Data pipelines are really cool. But also, really hard to build.
Data pipelines pose challenges we should all master. They push the limits on design, architecture, performance and even predicting the future.

In this multi-part article, we’ll explore what it takes to build an effective data pipeline, from concept to code. As a case study, we’ll use one of my own applications that captures data across an organization, ultimately creating visual, actionable business intelligence.
Why data pipelines are interesting
A data pipeline moves data to a destination, transforming it along the way, turning it into something useful.
It’s like a factory assembly line. But, imagine you’re assembling data. Raw data is your source material entering at one end. It goes through various processes and comes out the other end as finished product (clean, structured data ready to use).
For instance, air traffic control systems process data from multiple radar stations, transponders, weather sensors, and flight plan databases to build a real-time picture of airspace. A picture humans can interpret in a split second. An air traffic control system:
Ingests position data from hundreds of aircraft every few seconds.
Correlates radar returns with flight plans and transponder signals.

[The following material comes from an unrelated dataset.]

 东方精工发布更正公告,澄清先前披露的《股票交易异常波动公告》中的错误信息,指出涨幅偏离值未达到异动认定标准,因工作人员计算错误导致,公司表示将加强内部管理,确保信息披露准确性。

Filters out noise, birds and ground clutter.
Predicts flight paths and potential conflicts.
Integrates weather data to route around storms.
Handles sensor failures gracefully — if one source goes down, seamlessly switching to backup sources.

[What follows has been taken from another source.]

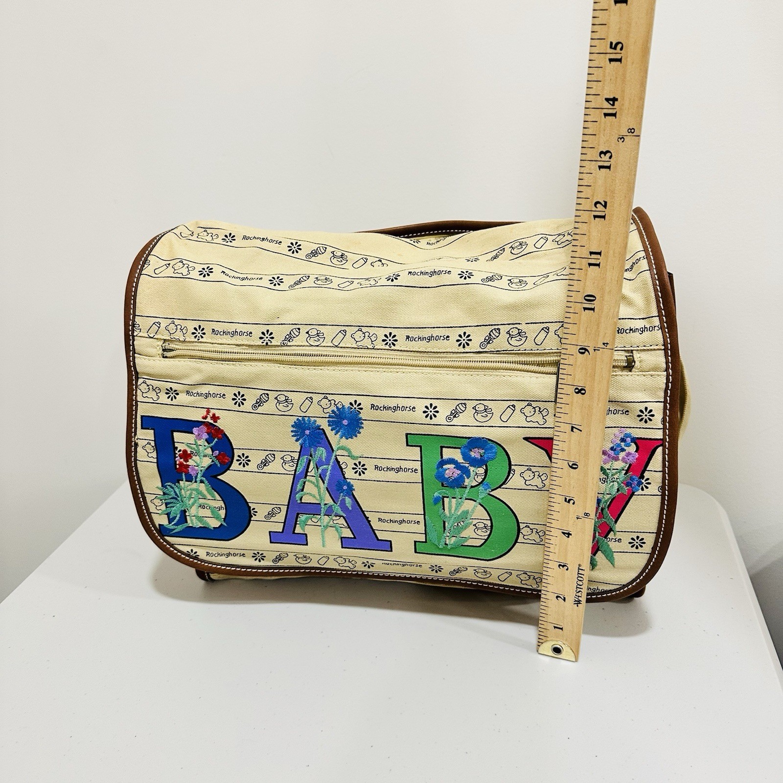 Vintage 90s Syms Baby Diaper Canvas Bag Animals, Floral Bright Colors NWT

Controllers need accurate data within seconds, and failures can have catastrophic consequences. They need real-time data, rather than batches, with real-time redundancy and validation.
Data pipelines are fundamental to modern data infrastructure. A good pipeline makes sure the right data gets to the right place at the right time, in the right format.

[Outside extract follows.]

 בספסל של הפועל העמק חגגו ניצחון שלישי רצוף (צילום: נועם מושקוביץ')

If you think about it — that’s the foundation of just about everything in our data-driven modern society.
When it comes to projects that will evolve your mastery over data management, building a data pipeline is one of the most challenging and rewarding. That’s why, in this multi-part series, I wanted to do a deep dive into a data pipeline — including design, architecture and code. In this series, we’ll get hands-on and explore how to build an app that analyzes complex streams of data.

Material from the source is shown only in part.